2. Choose a location for the aerial
The aerial needs to be placed on a flat surface, such as the roof of the car. You could choose a spot at the front of the car and route the cable through the passenger door opening. On a small car you could put the aerial near the tailgate.
If you have a saloon car you could also place the aerial on the boot lid – as has been done with an angled DAB aerial on this Mercedes. This angled aerial doesn’t touch the rear window when the boot is opened.
To help the aerial work as best as possible it needs to be away from existing aerials, roof boxes or bicycle racks. The aerial should not be up to the edge of the roof or a panoramic glass roof if possible.
3. Place the aerial on the car or van
With the location chosen make sure the bodywork is clean and dry. It’s important not to trap any dirt or debris between the magnet and the surface. With the cable facing the rear of the car, carefully place the magnet on to the bodywork.
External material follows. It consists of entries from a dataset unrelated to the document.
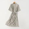 Foreign Trade Export Brand Original Order Fashion Simple Lace-up Waist Hugging Slimming Stand Collar Short sleeve Dress Large Size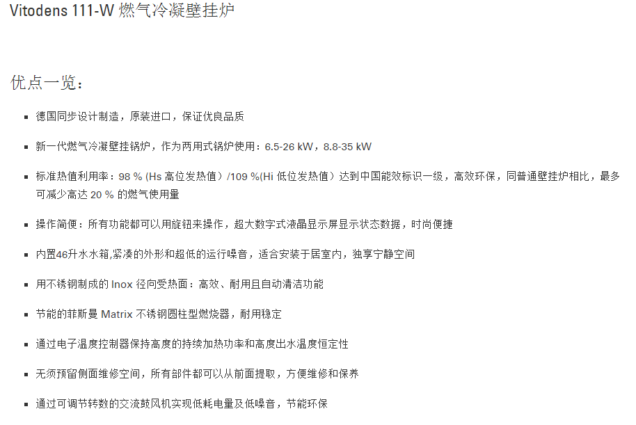德國菲斯曼水箱內(nèi)置式冷凝爐 Vitopend 111-W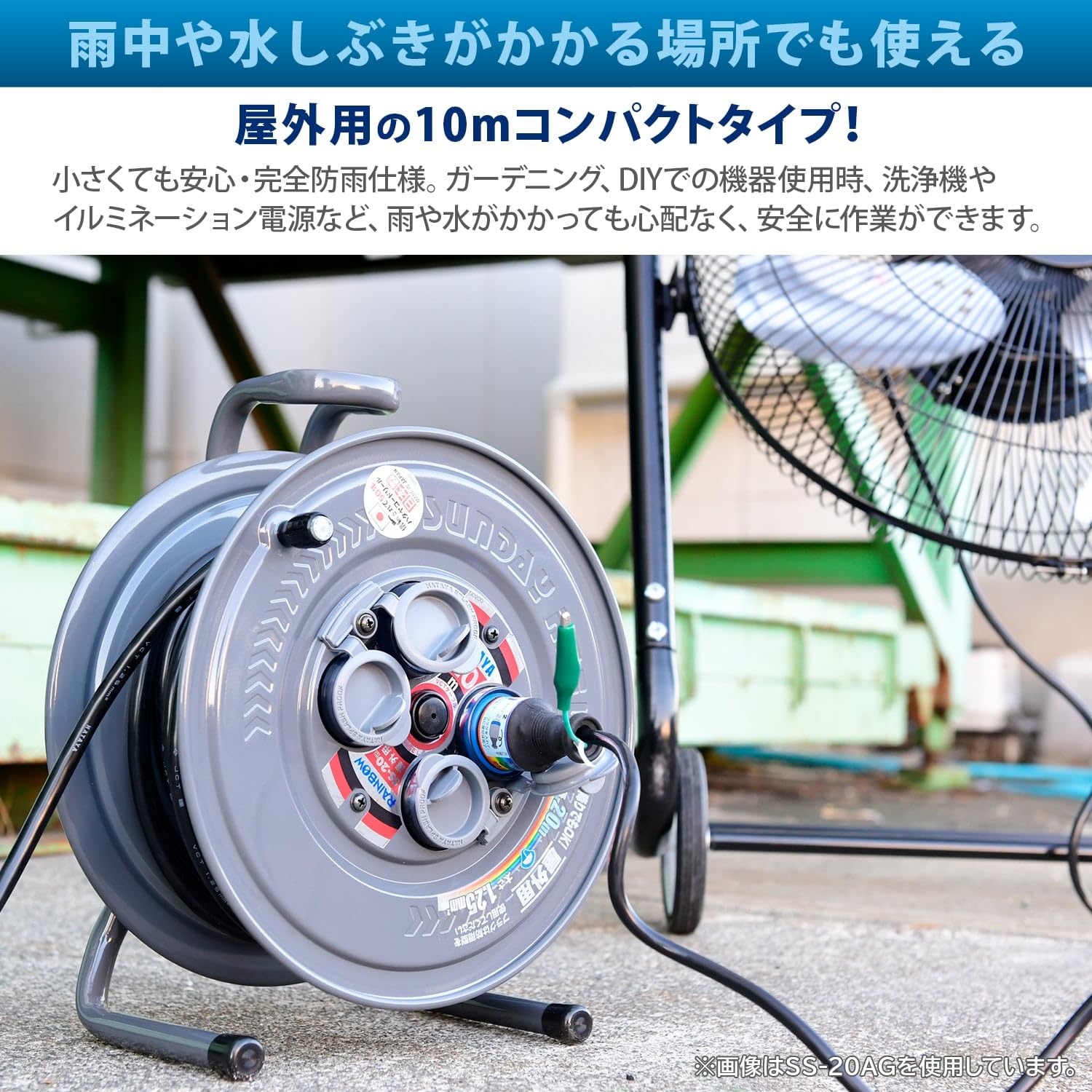 ●雨中や水しぶきがかかる場所でも使える屋外用の10mコンパクトタイプのコードリールです。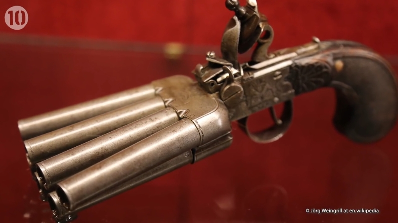 Το σπάνιο duck’s foot pistol: Μπορούσε να ρίξει από τέσσερις κάνες, με τη μία. Η κατασκευή του έγινε στις αρχές του 19ου αιώνα και σήμερα θεωρείται συλλεκτικό, με την αξία του να φτάνει τις 3.000 λίρες.

Once it has attached to the roof don’t drag it as this could scratch the paint. Instead carefully lift the aerial and place it again.
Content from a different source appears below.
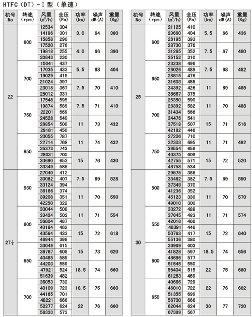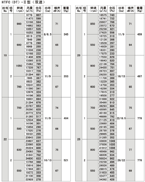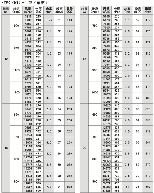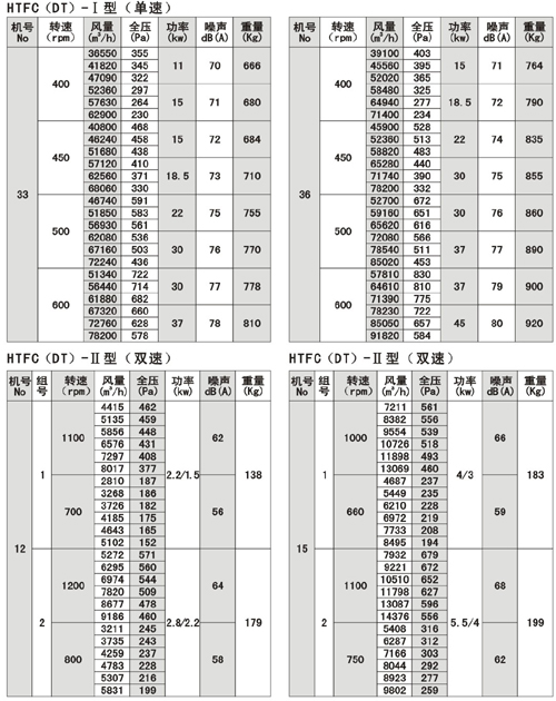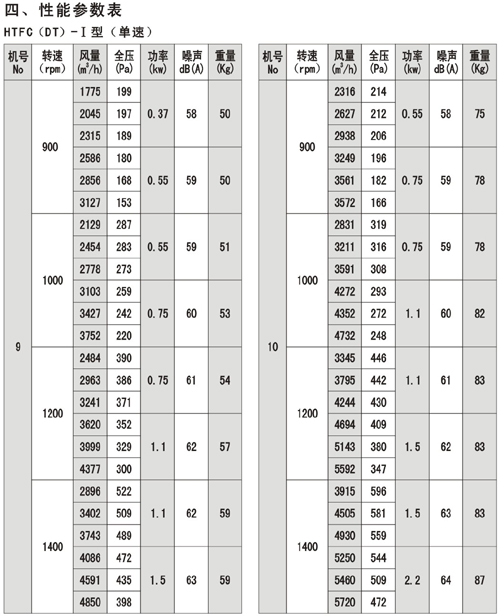 (1).HTFC(DT)系列消防通風(fēng)(兩用)低噪聲式離心風(fēng)機分為I。II。I為單速,II為雙速。該系列風(fēng)機有較多的性能參數(shù),以滿足不同用戶的需要。

The cable should face the rear of the car to help prevent water ingress when the car is driven in the rain.
Trail the cable from the aerial to the radio to check it’s long enough. You can also see where it will need to be tucked and if any trim needs to be removed. If you can it’s worth testing the aerial now before finding out it doesn’t work after fitting it properly.
4. Route the cable to the radio
The cable will need to enter the car through a door opening. The cable should tuck behind the door seal and down to a suitable point to bring it in to the car. This will depend on your vehicle and which door you choose to use.
In this example the cable is brought in to the car on top of the door seal. In various cars we’ve seen using this approach there has been no water ingress after several years. However, some online reviews have mentioned water entering the car when driving in the rain.
Close the door and inspect the cable on the inside and outside to check it’s not being squashed or damaged.
Some car owners have routed the cable behind the seal, but this could introduce a kink in the cable over a fairly sharp edge.
If you’re not sure it’s worth speaking to an audio installation specialist, or see if anyone with the same car at an owners club or forum has also installed a magnetic aerial.
5. Plug in the aerial to the radio
Continue routing the cable behind trim pieces and carpets until you reach the dashboard. At this point you could route the cable behind the glovebox for an in-dash radio, or continue under the trim to the centre console for a DAB adapter.
The SMB connector on this Autoleads aerial can now be plugged into the radio. The magnetic aerial does not need power from the radio, so you can scan for stations straight away.
Put all the trim pieces back in place and tidy up to finish the installation.